**Collected material:**
⁂

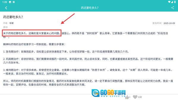 在文章列表里,找到《药还要吃多久?》这一条目,点击它就能进入文章详情页面啦。
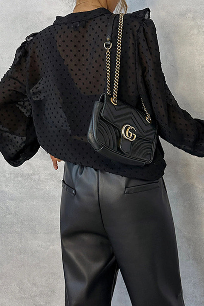Elegant Solid Buttons Flounce V Neck Tops
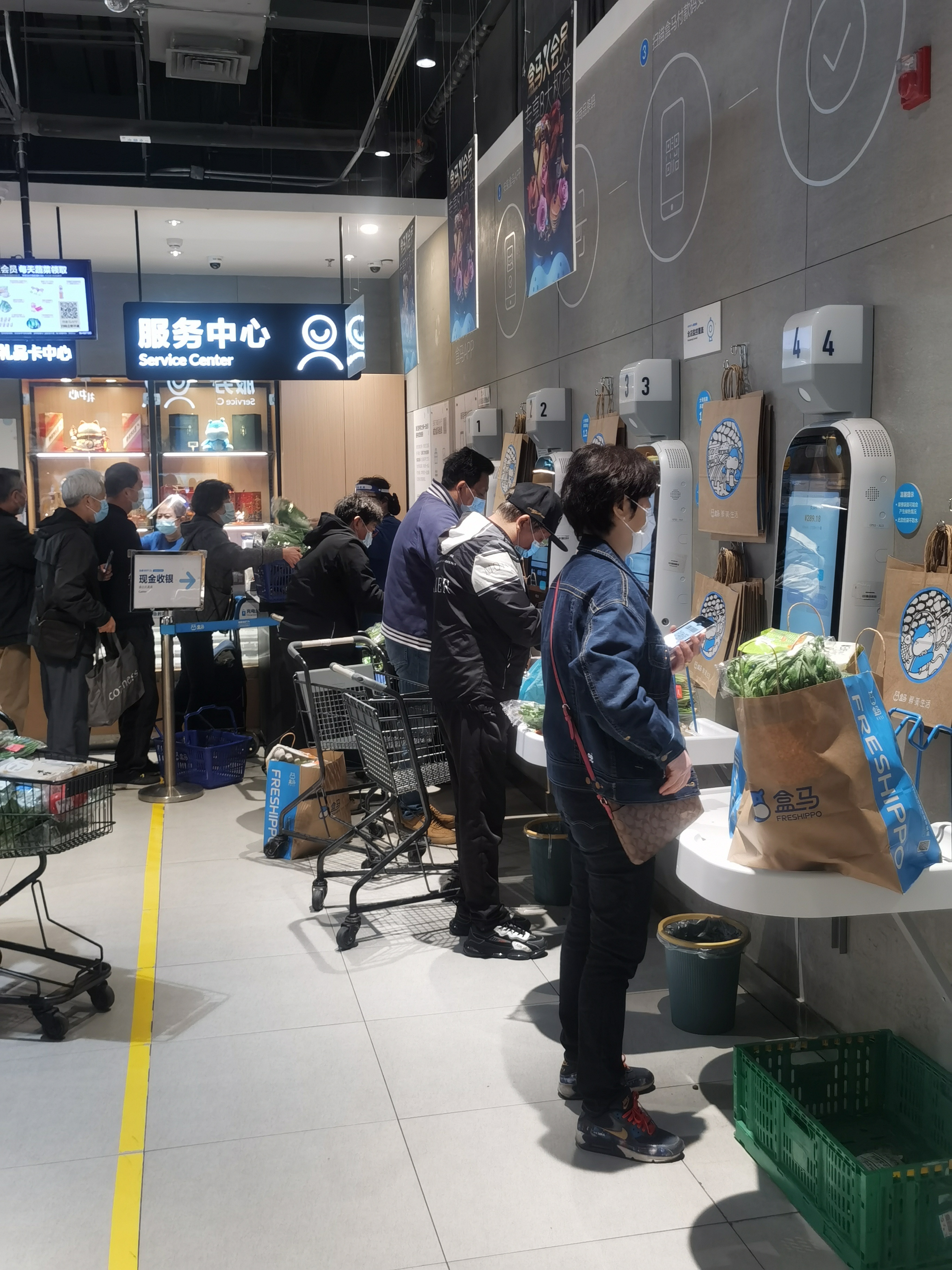 28日早晨开店,顾客直冲RISO全食市集,货架上的蔬菜很快就见底了。来自总部和世纪店的员工,还有来自又一城党员先锋队及职能部室的员工,同心援手;收银机器全开,运营安全有序;最终顺利扛过了开门后的一波波采购高峰。

⁂

**What to work on:**
Pictures excluded, output exactly the line that contains "Elegant Solid Buttons Flounce V Neck Tops" and every line after it to the end of the data above.

**Task result:**
Elegant Solid Buttons Flounce V Neck Tops
 28日早晨开店,顾客直冲RISO全食市集,货架上的蔬菜很快就见底了。来自总部和世纪店的员工,还有来自又一城党员先锋队及职能部室的员工,同心援手;收银机器全开,运营安全有序;最终顺利扛过了开门后的一波波采购高峰。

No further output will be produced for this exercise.